● Data shown
----
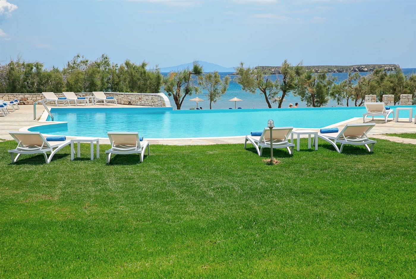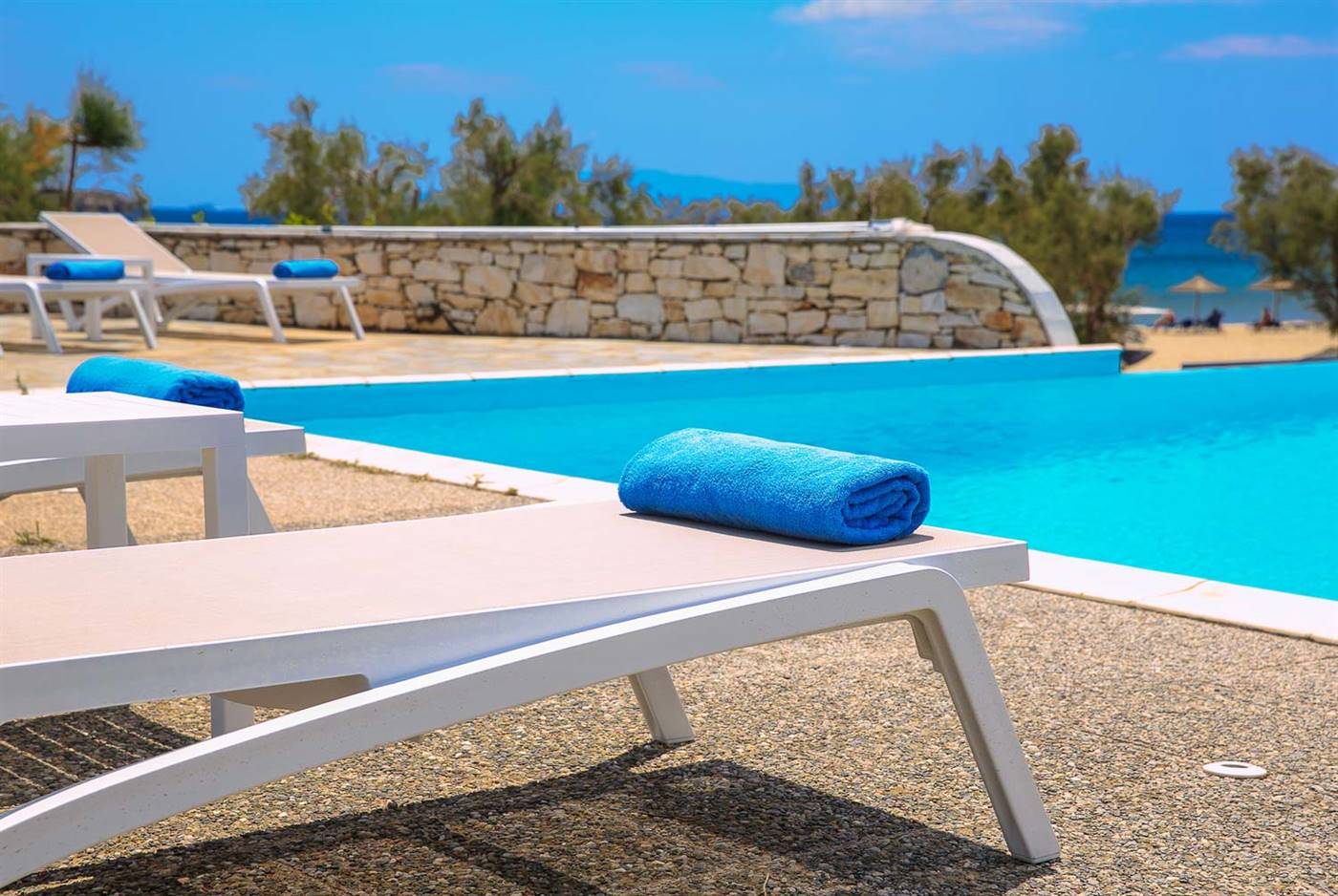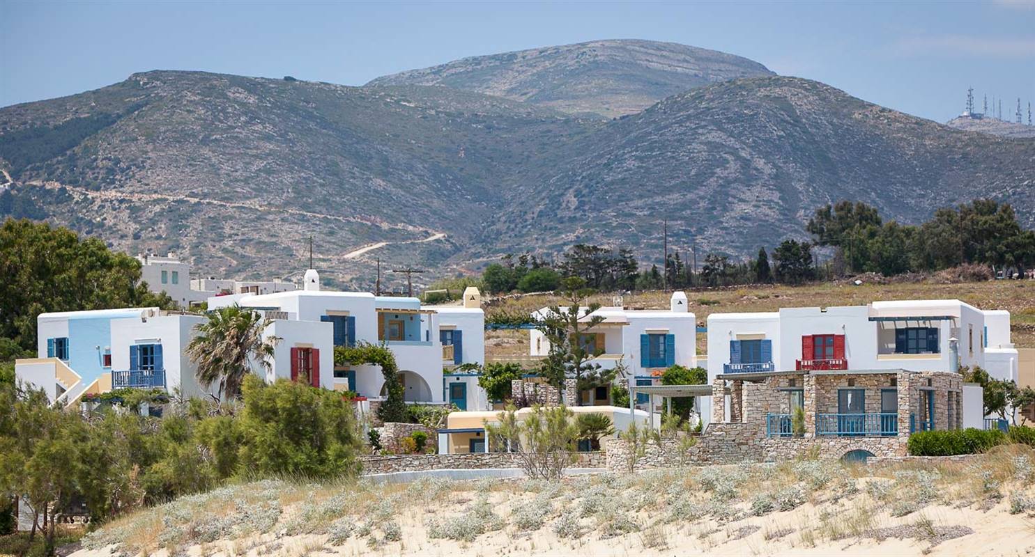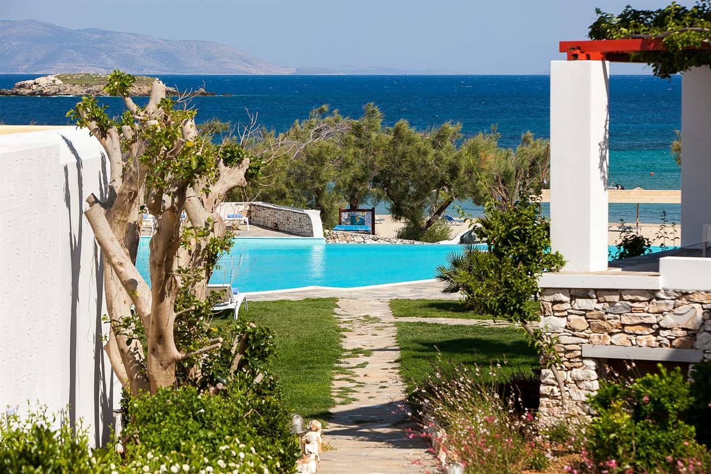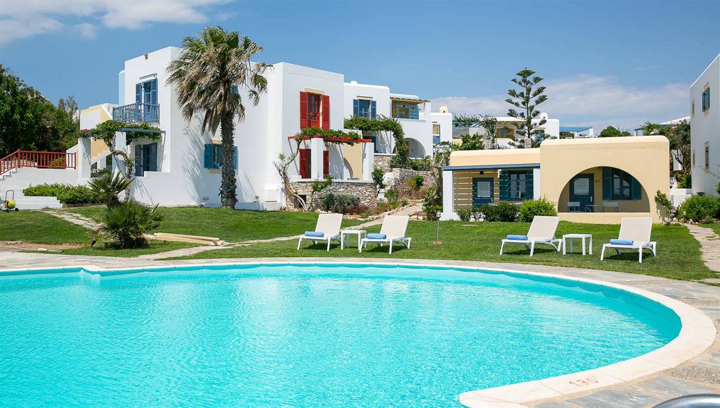 Arredate nello stile tradizionale delle Cicladi, tutte le suite dispongono di balcone o terrazza con vista sul giardino o sul Mar Egeo. Le sistemazioni sono dotate di aria condizionata, zona giorno arredata in modo confortevole, TV, frigorifero e bagno in marmo.
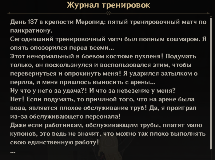 Не знаю, для кого делались загадки в Меропиде - но явно для каких-то надмозгов. Я уже час это колесо кручу и только две двери из четырёх открыть смог. Алсо, но ладно бы там хотя бы что-то было. В первой двери просто записка, а во второй вот эта боксёрская груша типа Герман. И я реально ожидал тут какой-то секретки. Я бил этого Германа стихиями как в записке, потом подумал, что нужно её 999 раз ударить как в той же записке и будет секретная секретка... сука, у меня запястье устало кликать ЛКМ тысячу раз, но я это сделал. И что я получил? Да ничего, просто впустую время потратил.
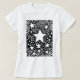 Um desenho preto e branco estilizado de um cosmos com estrelas, galáxias, planetas no fluxo maelstrom da gravidade e do continuum do tempo espacial.
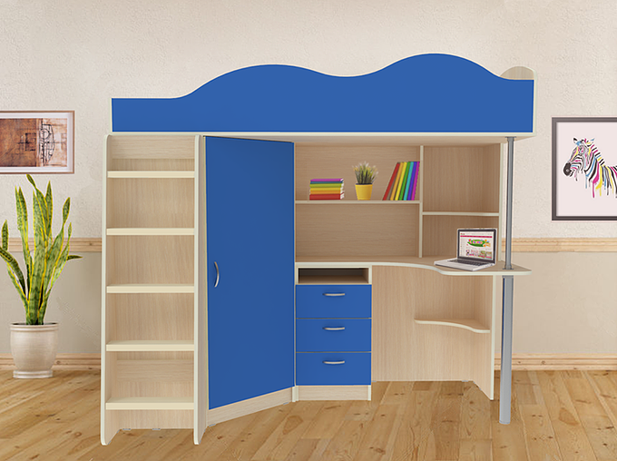 Ваш ребенок по достоинству оценит комфорт, который несет вам кровать-чердак с рабочей зоной Пионер. Кровать чердак Пионер - это удобная и компактная мини детская комната для Вашего ребенка со спальным местом наверху и рабочей зоной внизу.
----
● Instructions to follow
Give the listing again exactly, but omit each image.

● Reply to the task
 Arredate nello stile tradizionale delle Cicladi, tutte le suite dispongono di balcone o terrazza con vista sul giardino o sul Mar Egeo. Le sistemazioni sono dotate di aria condizionata, zona giorno arredata in modo confortevole, TV, frigorifero e bagno in marmo.
 Не знаю, для кого делались загадки в Меропиде - но явно для каких-то надмозгов. Я уже час это колесо кручу и только две двери из четырёх открыть смог. Алсо, но ладно бы там хотя бы что-то было. В первой двери просто записка, а во второй вот эта боксёрская груша типа Герман. И я реально ожидал тут какой-то секретки. Я бил этого Германа стихиями как в записке, потом подумал, что нужно её 999 раз ударить как в той же записке и будет секретная секретка... сука, у меня запястье устало кликать ЛКМ тысячу раз, но я это сделал. И что я получил? Да ничего, просто впустую время потратил.
 Um desenho preto e branco estilizado de um cosmos com estrelas, galáxias, planetas no fluxo maelstrom da gravidade e do continuum do tempo espacial.
 Ваш ребенок по достоинству оценит комфорт, который несет вам кровать-чердак с рабочей зоной Пионер. Кровать чердак Пионер - это удобная и компактная мини детская комната для Вашего ребенка со спальным местом наверху и рабочей зоной внизу.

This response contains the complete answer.